→ AIM OF THE TASK
Copy exactly the lines from the one containing "近期有新闻报道曝光,郑州市仍" through the last line of the records below, both included, and leave out the pictures.
#### EXERCISE DATA ####
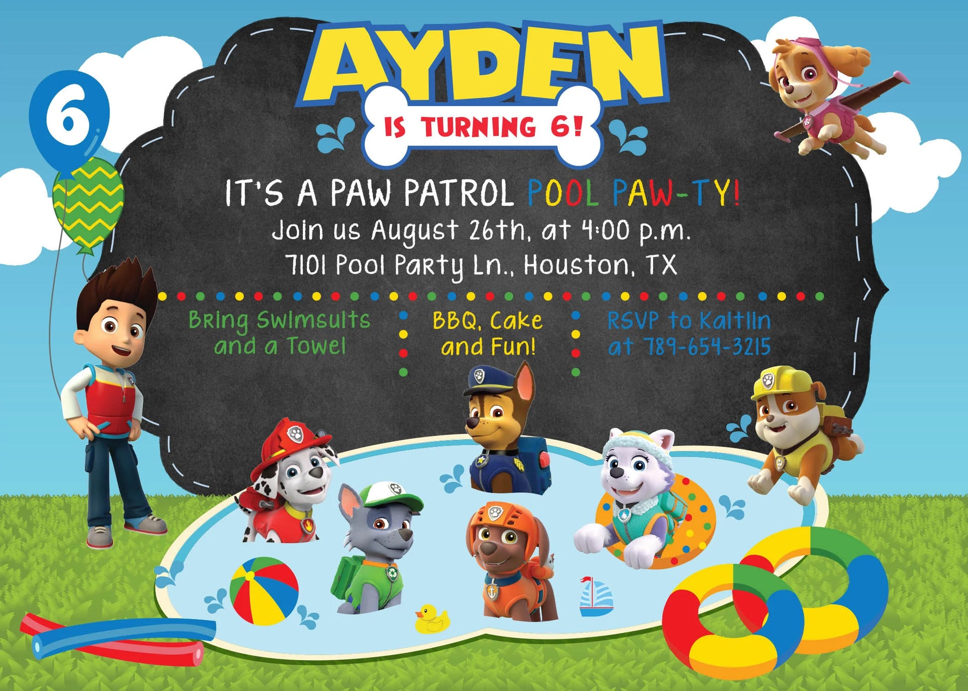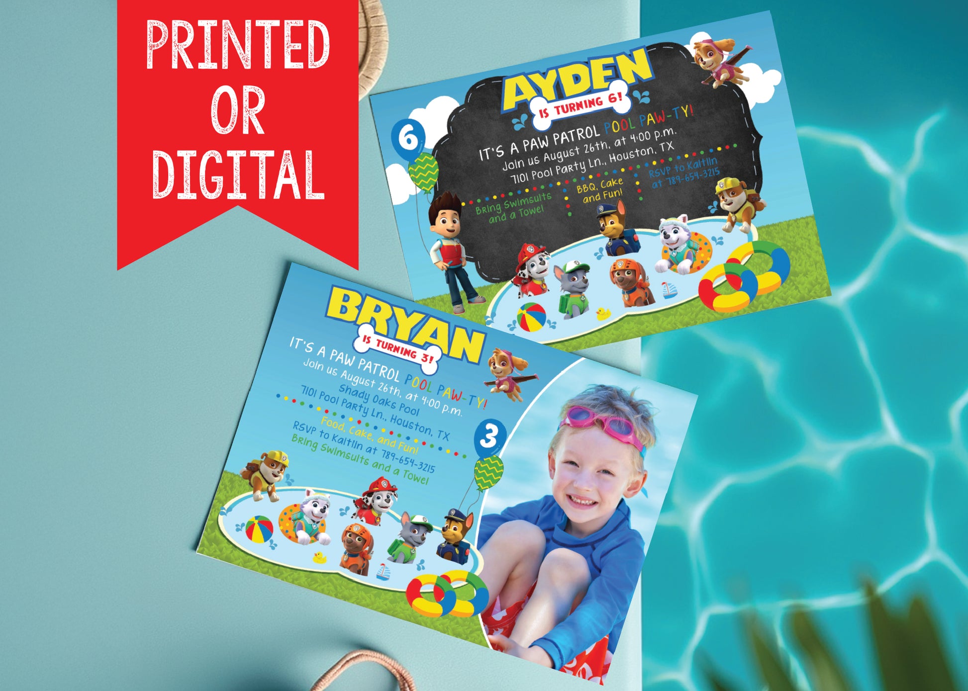 Paw Patrol POOL PARTY Digital or Printed Birthday Party Invitation with or without Photo!
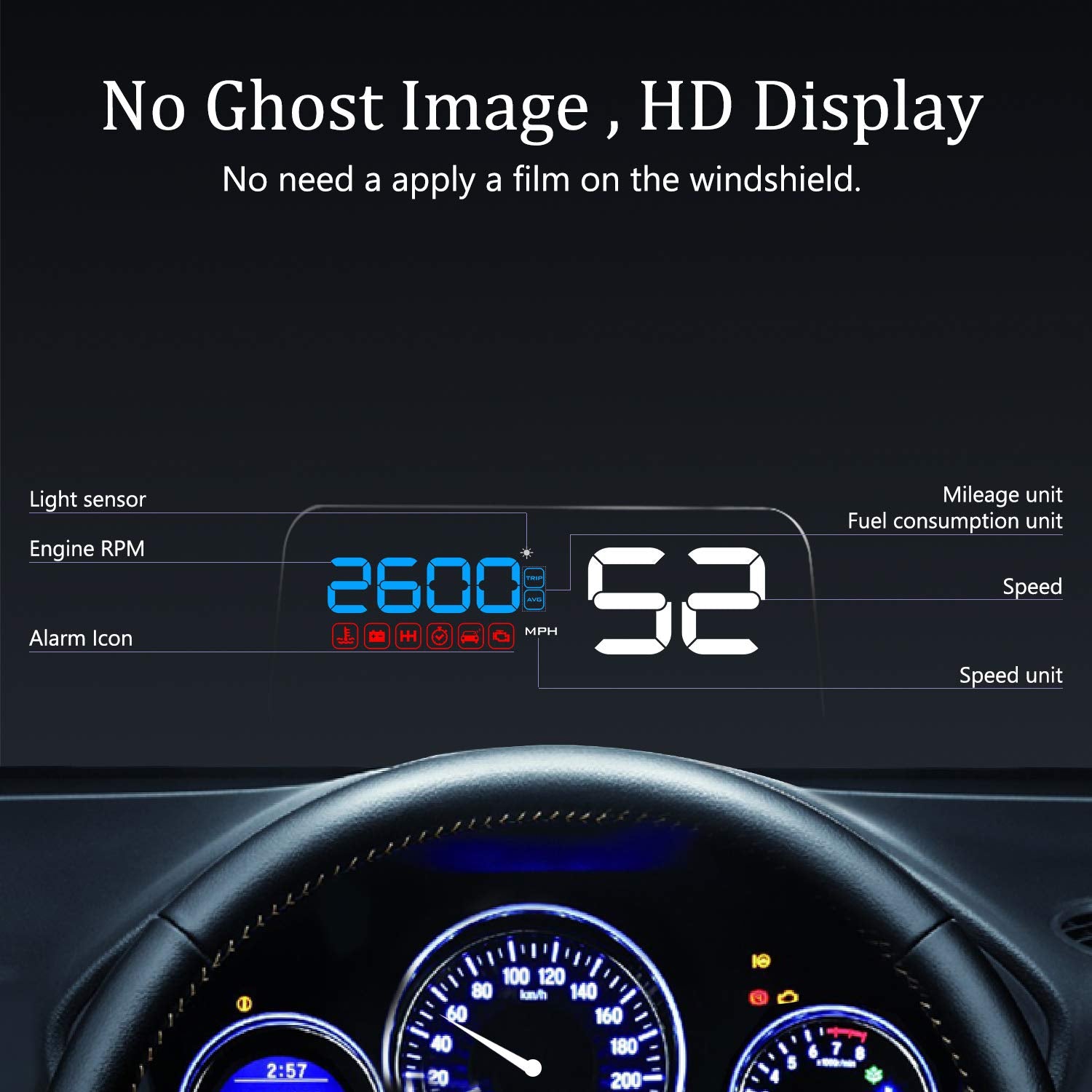 - vNO DOUBLE IMAGE:Using the high quality material glass with excellent reflectance and light transmittance,No double image.Built-in photosensitive component, which senses external light intensity and automatically adjusts HUD brightness to suit the environment,display the data clearly whether day or night.
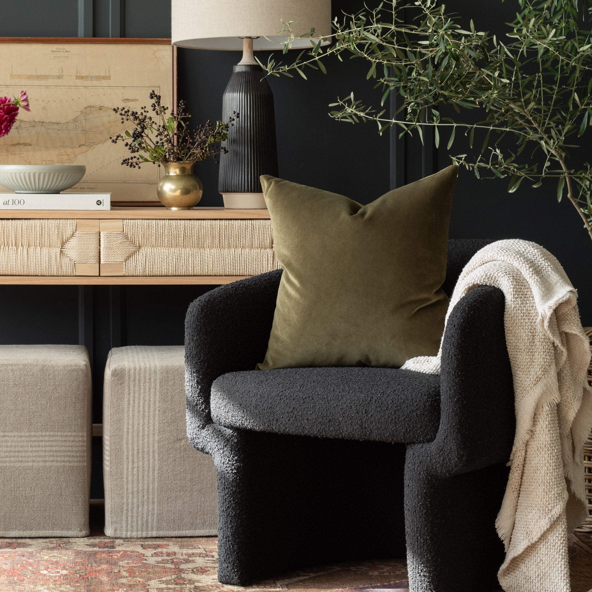 This moss green and oatmeal striped pillow showcases a simple ticking stripe with subtle vintage charm. It’s an easy-to-pair piece with a timeless and versatile look.
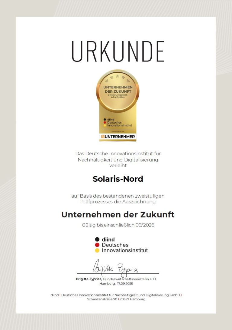 Wir freuen uns, Ihnen mitteilen zu können, dass Solaris-Nord zur Top 20%-Spitzengruppe zählt – und als „Ausgezeichneter Fachbetrieb“ prämiert wurde!
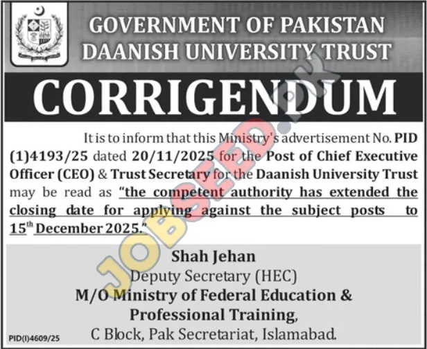 The Daanish University Trust has announced an extension to the application deadline for the positions of Chief Executive Officer (CEO) and Trust Secretary. This is a crucial opportunity to join a leading educational institution in Pakistan. If you possess the necessary qualifications and experience, we encourage you to apply before the extended deadline.
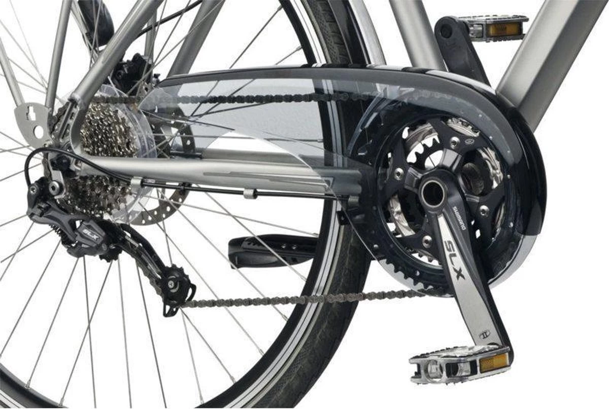 De AXA Scope2 is een modern vormgegeven kettingscherm met eenvoudige montage. Beschermt uw kleding tegen beschadigingen, en beschermt uw ketting tegen weersinvloeden als vocht en vuil. Het elegante ontwerp wordt gecompleteerd door de gekleurde strip die de montagegaten afdekt. U kunt ter plekke beslissen welke kleur strip u gebruikt, omdat zowel de zilveren als de zwarte strip met het scherm meegeleverd worden. De Scope2 is geschikt voor montage op single en triple tandwielen met 48 tanden. VEILIGHEID Optimale bescherming van uw kleding Langere levensduur ketting doordat deze beschermd is tegen vocht en vuil COMFORT Eenvoudige montage door crankbeugel en geintegreerde achter bevestiging TECHNIEK Geschikt voor 48 tands tandwielen Materiaal scherm polycarbonaat (light smoke) en ABS strips (zilver en zwart)
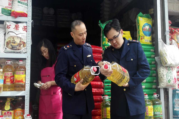 近期有新闻报道曝光,郑州市仍然有地沟油生产销售情况存在,为确保辖区的内食用油合格合规,二七区工商质监局人和路所全体人员出动对辖区内粮油销售商户进行清查。该次专项检查,集中对辖区内超市、集贸市场、粮油销售摊点、及其大小饭店食用油的销售及使用情况进行全面排查;检查食用油的购进来源和产品质量,确保消费者购买的食用油都是质量合格、来源合法的食用油。此次检查中未发现有不合格食用油在辖区内流通,但人和路全体人员将继续严把质量监管关,做好了为消费者的合法权益及检查长期攻坚准备。
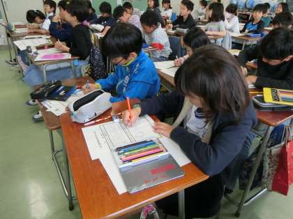 毎年5年生は世田谷歯科医師会から依頼され、むし歯予防のポスターを作成しています。今年も図工の学習の一環として、子どもたちはポスターを描くことになりました。
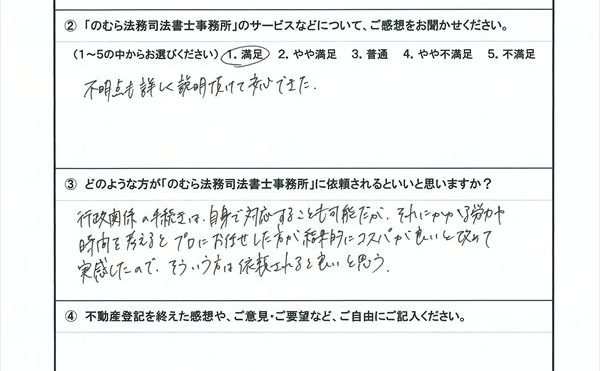 ①数ある中から当事務所を選ばれた理由はありますか? 何社か比較検討した中で安価で、HPの「お客様の声」から信頼できそうと思ったから。また土曜日に営業している点も良かった。 ②「のむら法務司法書士事務所」のサービスなどにつ […]
####
→ EXPECTED ANSWER
 近期有新闻报道曝光,郑州市仍然有地沟油生产销售情况存在,为确保辖区的内食用油合格合规,二七区工商质监局人和路所全体人员出动对辖区内粮油销售商户进行清查。该次专项检查,集中对辖区内超市、集贸市场、粮油销售摊点、及其大小饭店食用油的销售及使用情况进行全面排查;检查食用油的购进来源和产品质量,确保消费者购买的食用油都是质量合格、来源合法的食用油。此次检查中未发现有不合格食用油在辖区内流通,但人和路全体人员将继续严把质量监管关,做好了为消费者的合法权益及检查长期攻坚准备。
 毎年5年生は世田谷歯科医師会から依頼され、むし歯予防のポスターを作成しています。今年も図工の学習の一環として、子どもたちはポスターを描くことになりました。
 ①数ある中から当事務所を選ばれた理由はありますか? 何社か比較検討した中で安価で、HPの「お客様の声」から信頼できそうと思ったから。また土曜日に営業している点も良かった。 ②「のむら法務司法書士事務所」のサービスなどにつ […]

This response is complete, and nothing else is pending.